Write out the lines of the material below exactly, beginning at the line with "Hirola bachelor herd" and stopping after the line with "Vista aèria de", and leave out the pictures.

**The data:**

____________________

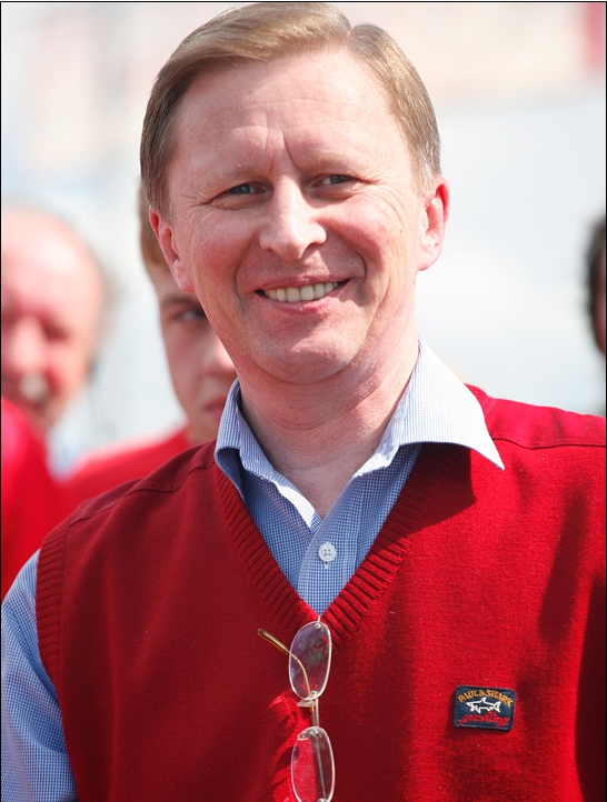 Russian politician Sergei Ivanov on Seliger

____________________

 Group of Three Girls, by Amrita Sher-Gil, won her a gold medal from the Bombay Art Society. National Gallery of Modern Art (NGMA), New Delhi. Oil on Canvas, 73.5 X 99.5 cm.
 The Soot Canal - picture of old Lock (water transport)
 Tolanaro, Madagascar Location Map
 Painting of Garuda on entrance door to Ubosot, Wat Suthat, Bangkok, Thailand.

____________________

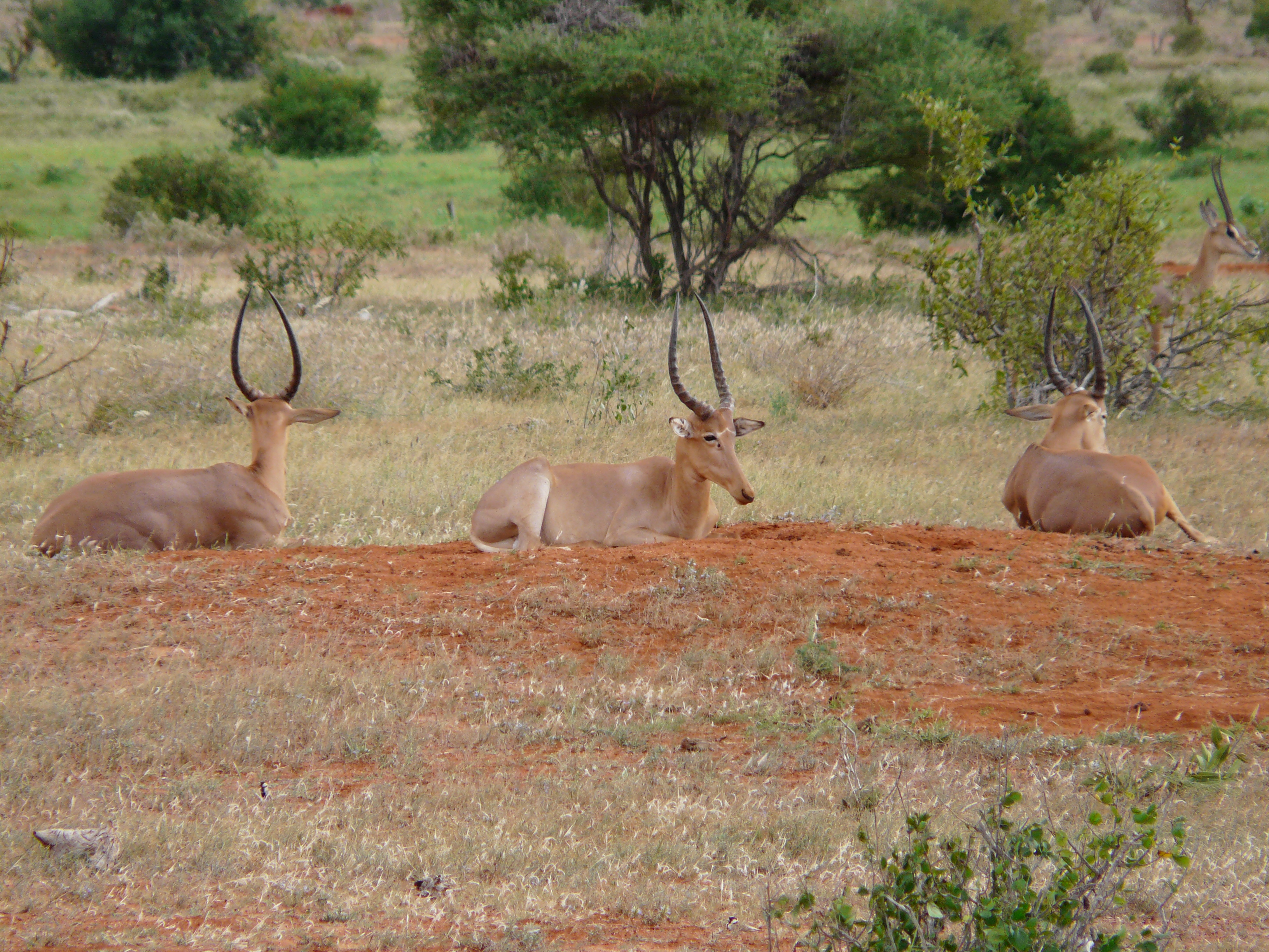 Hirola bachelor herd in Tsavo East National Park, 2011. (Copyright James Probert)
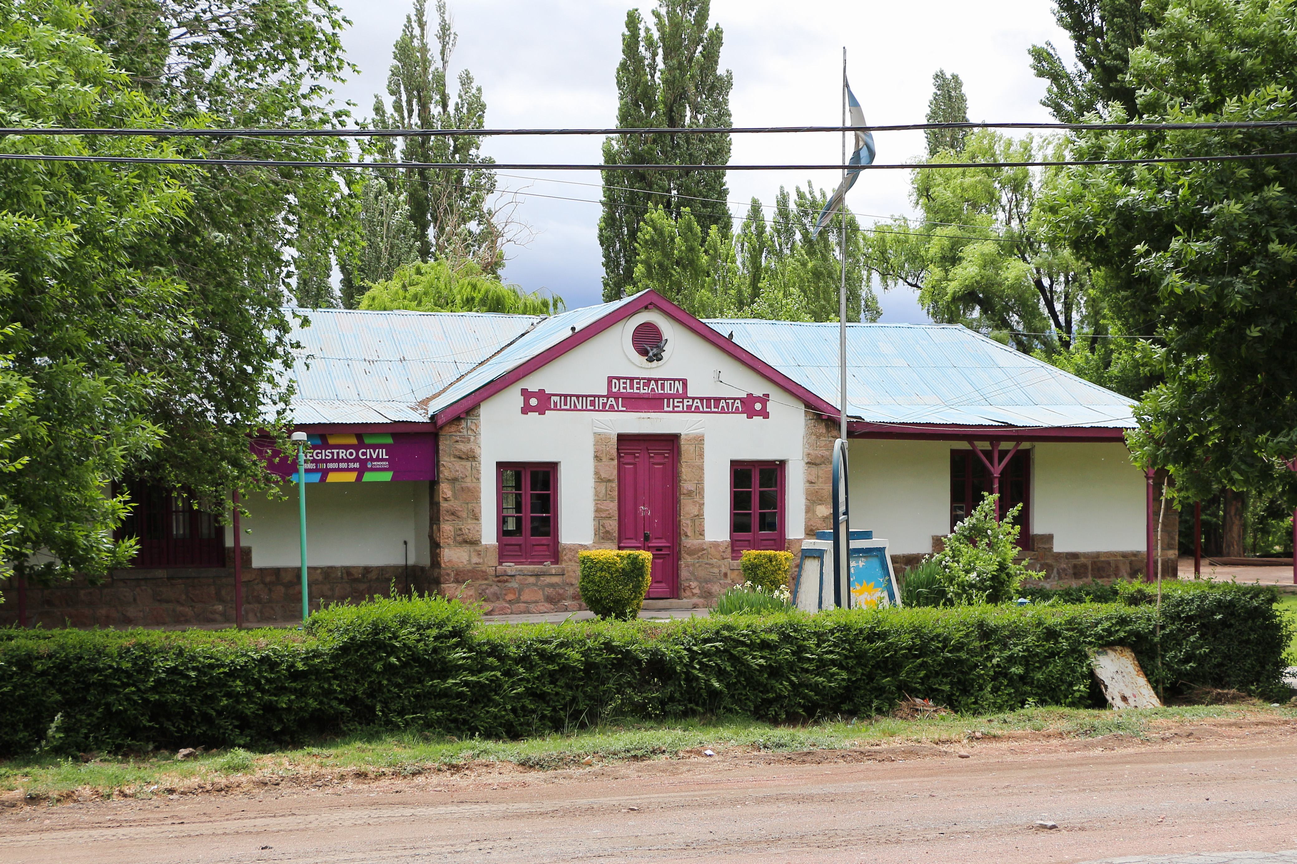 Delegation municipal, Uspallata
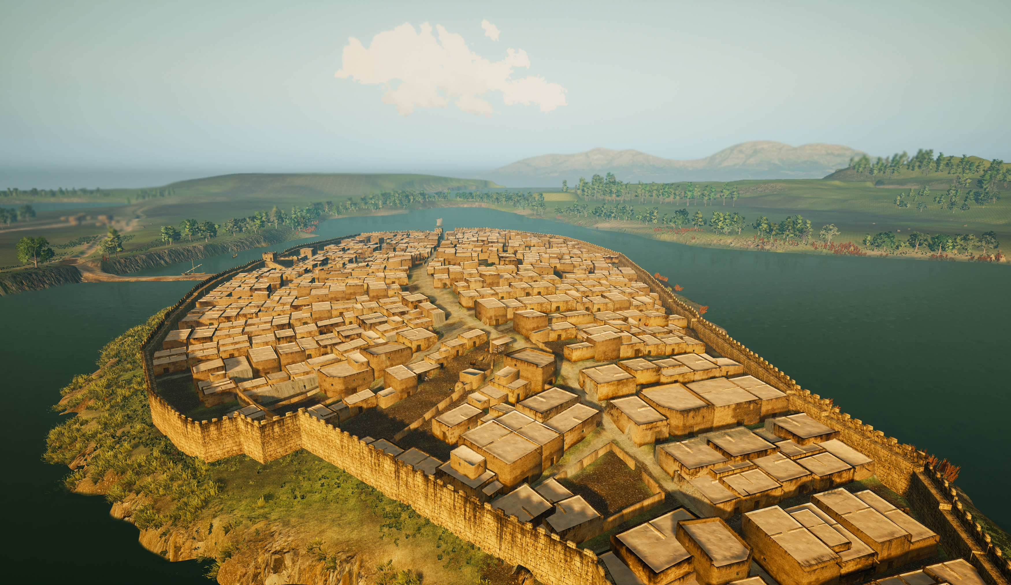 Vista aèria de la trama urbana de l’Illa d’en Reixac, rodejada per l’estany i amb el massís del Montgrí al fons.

____________________

**Result of the task:**
 Hirola bachelor herd in Tsavo East National Park, 2011. (Copyright James Probert)
 Delegation municipal, Uspallata
 Vista aèria de la trama urbana de l’Illa d’en Reixac, rodejada per l’estany i amb el massís del Montgrí al fons.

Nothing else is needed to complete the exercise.